[EXERCISE REQUIREMENTS]
In this exercise, the entries below include pictures. Repeat exactly the lines from the line with "安裝FastAdmin時(shí)報(bào)1146 Table 'fastadmin.fa_admin'" to the line with "为了丰富同学们的课余生活,提", including both, but without the pictures.

EXTRACTED DATA Block Start

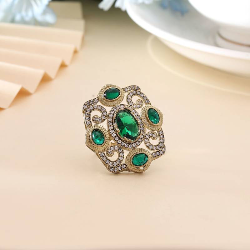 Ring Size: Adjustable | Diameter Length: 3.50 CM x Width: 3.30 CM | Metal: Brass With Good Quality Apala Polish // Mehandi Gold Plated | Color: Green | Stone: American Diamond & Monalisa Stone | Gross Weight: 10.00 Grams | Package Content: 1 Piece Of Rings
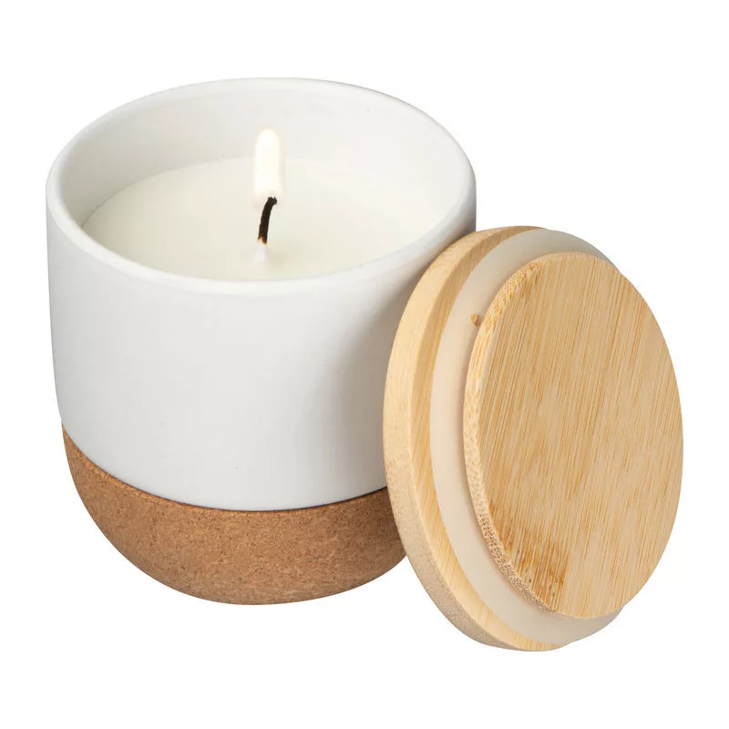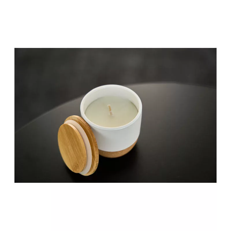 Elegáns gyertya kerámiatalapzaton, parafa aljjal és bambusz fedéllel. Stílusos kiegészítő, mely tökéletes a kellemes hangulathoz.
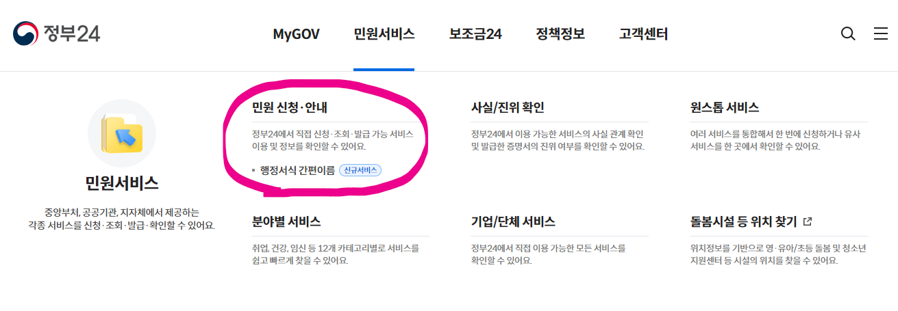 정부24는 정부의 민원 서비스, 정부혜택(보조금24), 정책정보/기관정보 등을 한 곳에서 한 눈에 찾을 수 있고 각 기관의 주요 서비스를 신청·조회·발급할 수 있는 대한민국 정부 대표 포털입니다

EXTRACTED DATA Block End
EXTRACTED DATA Block Start

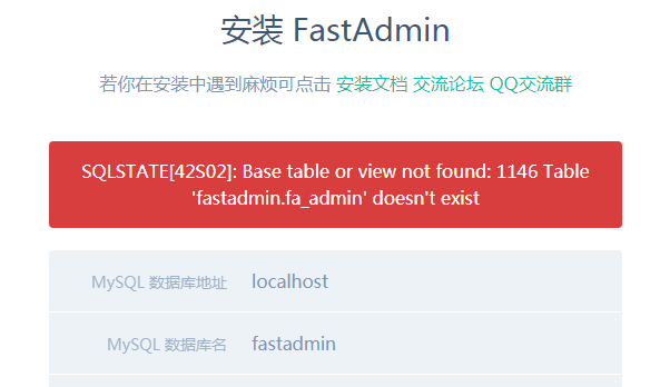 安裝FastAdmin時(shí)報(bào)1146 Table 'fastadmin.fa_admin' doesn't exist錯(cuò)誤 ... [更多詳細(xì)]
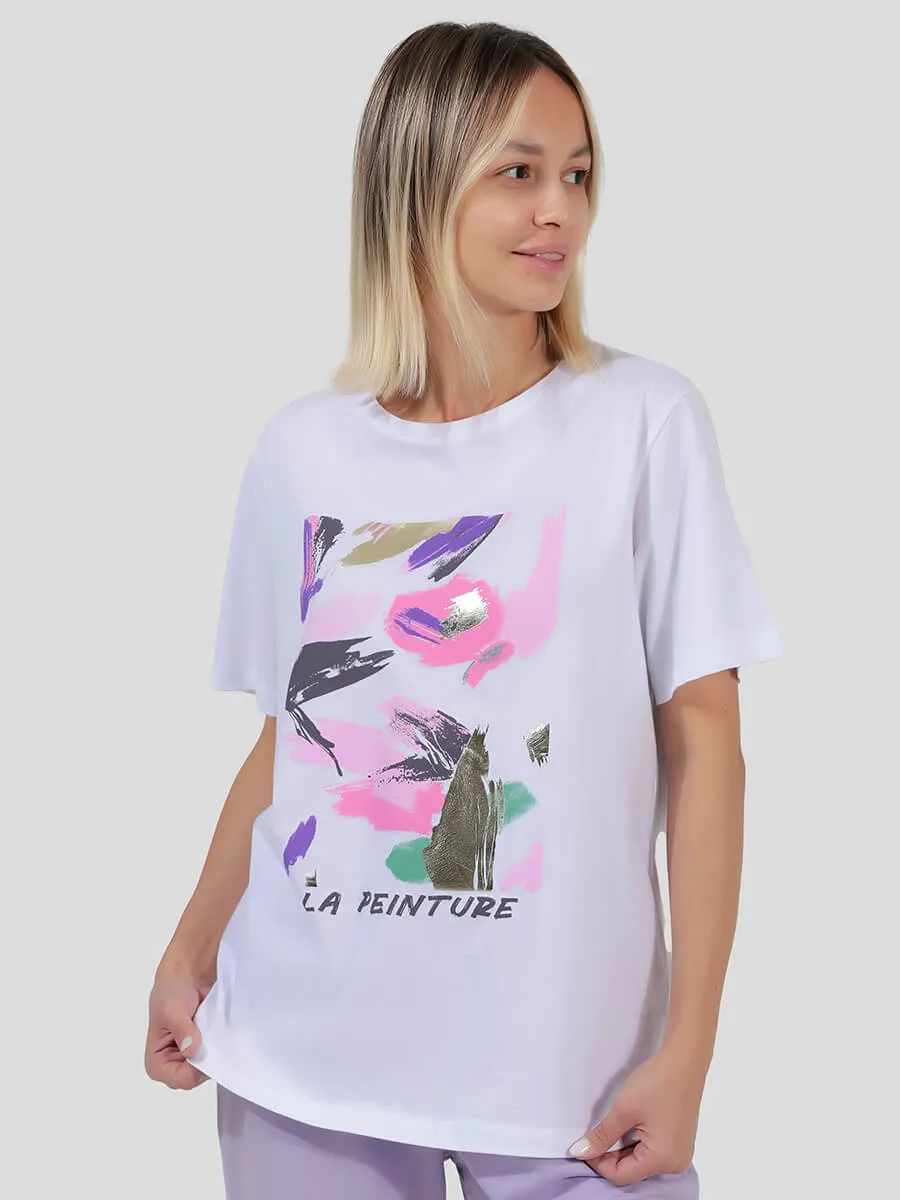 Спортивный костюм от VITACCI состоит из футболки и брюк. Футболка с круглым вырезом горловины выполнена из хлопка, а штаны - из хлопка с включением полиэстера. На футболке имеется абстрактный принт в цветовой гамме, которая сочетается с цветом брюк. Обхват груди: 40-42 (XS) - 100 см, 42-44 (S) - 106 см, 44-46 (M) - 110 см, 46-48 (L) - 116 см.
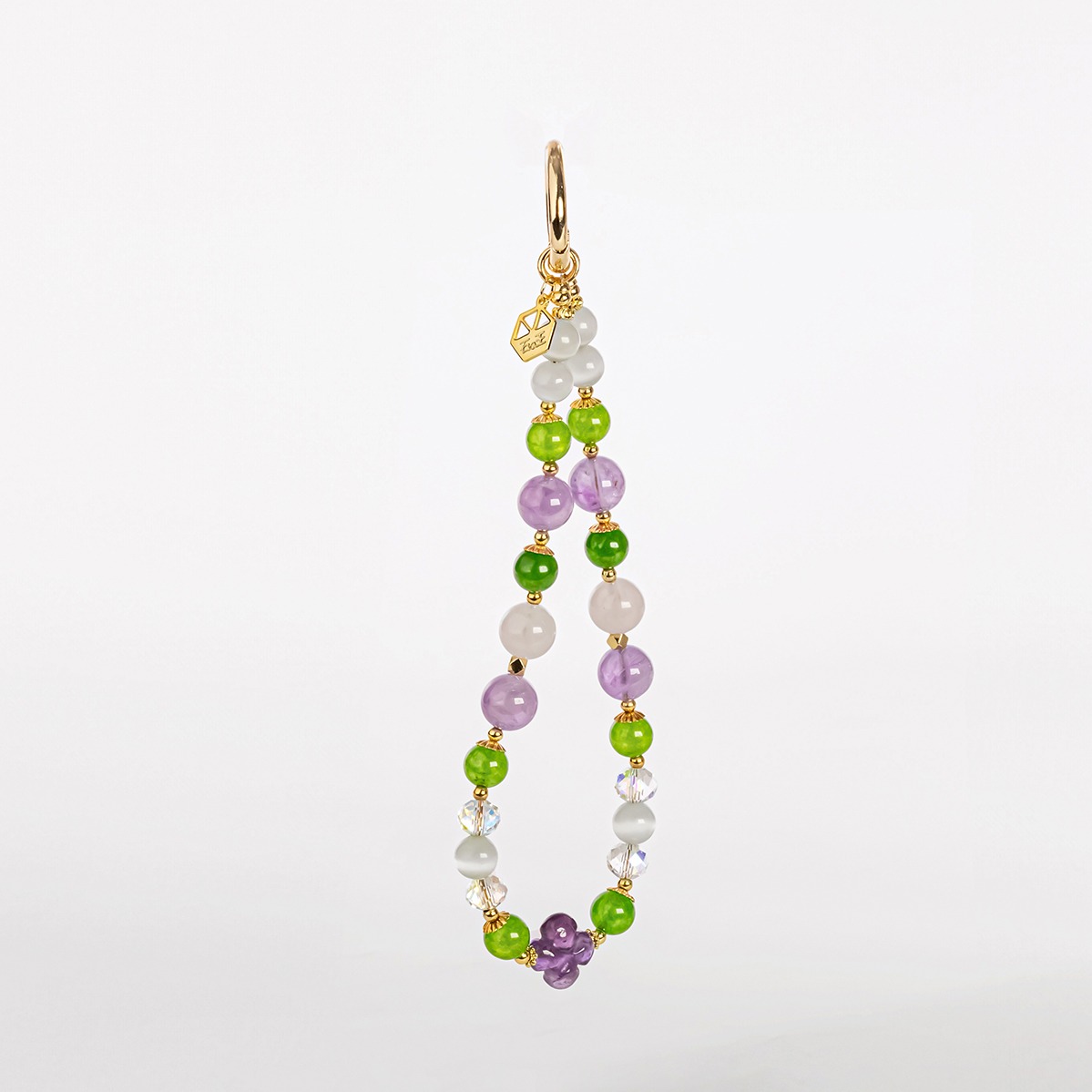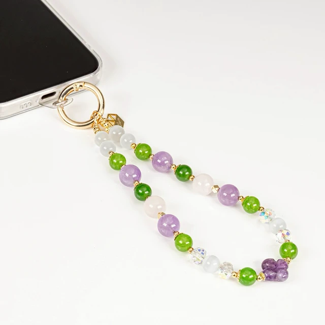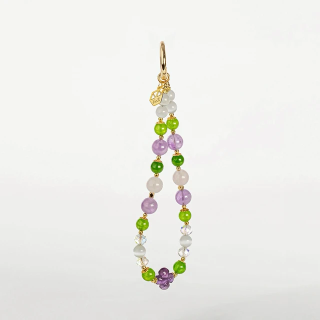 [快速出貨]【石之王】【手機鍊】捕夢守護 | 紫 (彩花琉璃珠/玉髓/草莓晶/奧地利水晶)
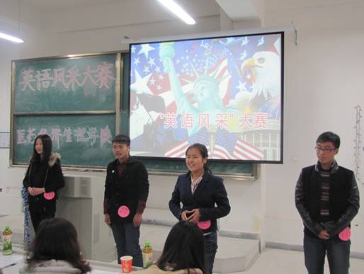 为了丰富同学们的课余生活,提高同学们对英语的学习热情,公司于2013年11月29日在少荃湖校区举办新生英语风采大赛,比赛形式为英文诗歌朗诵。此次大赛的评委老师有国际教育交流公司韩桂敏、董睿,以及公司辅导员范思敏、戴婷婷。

EXTRACTED DATA Block End

[FINISHED EXERCISE]
 安裝FastAdmin時(shí)報(bào)1146 Table 'fastadmin.fa_admin' doesn't exist錯(cuò)誤 ... [更多詳細(xì)]
 Спортивный костюм от VITACCI состоит из футболки и брюк. Футболка с круглым вырезом горловины выполнена из хлопка, а штаны - из хлопка с включением полиэстера. На футболке имеется абстрактный принт в цветовой гамме, которая сочетается с цветом брюк. Обхват груди: 40-42 (XS) - 100 см, 42-44 (S) - 106 см, 44-46 (M) - 110 см, 46-48 (L) - 116 см.
 [快速出貨]【石之王】【手機鍊】捕夢守護 | 紫 (彩花琉璃珠/玉髓/草莓晶/奧地利水晶)
 为了丰富同学们的课余生活,提高同学们对英语的学习热情,公司于2013年11月29日在少荃湖校区举办新生英语风采大赛,比赛形式为英文诗歌朗诵。此次大赛的评委老师有国际教育交流公司韩桂敏、董睿,以及公司辅导员范思敏、戴婷婷。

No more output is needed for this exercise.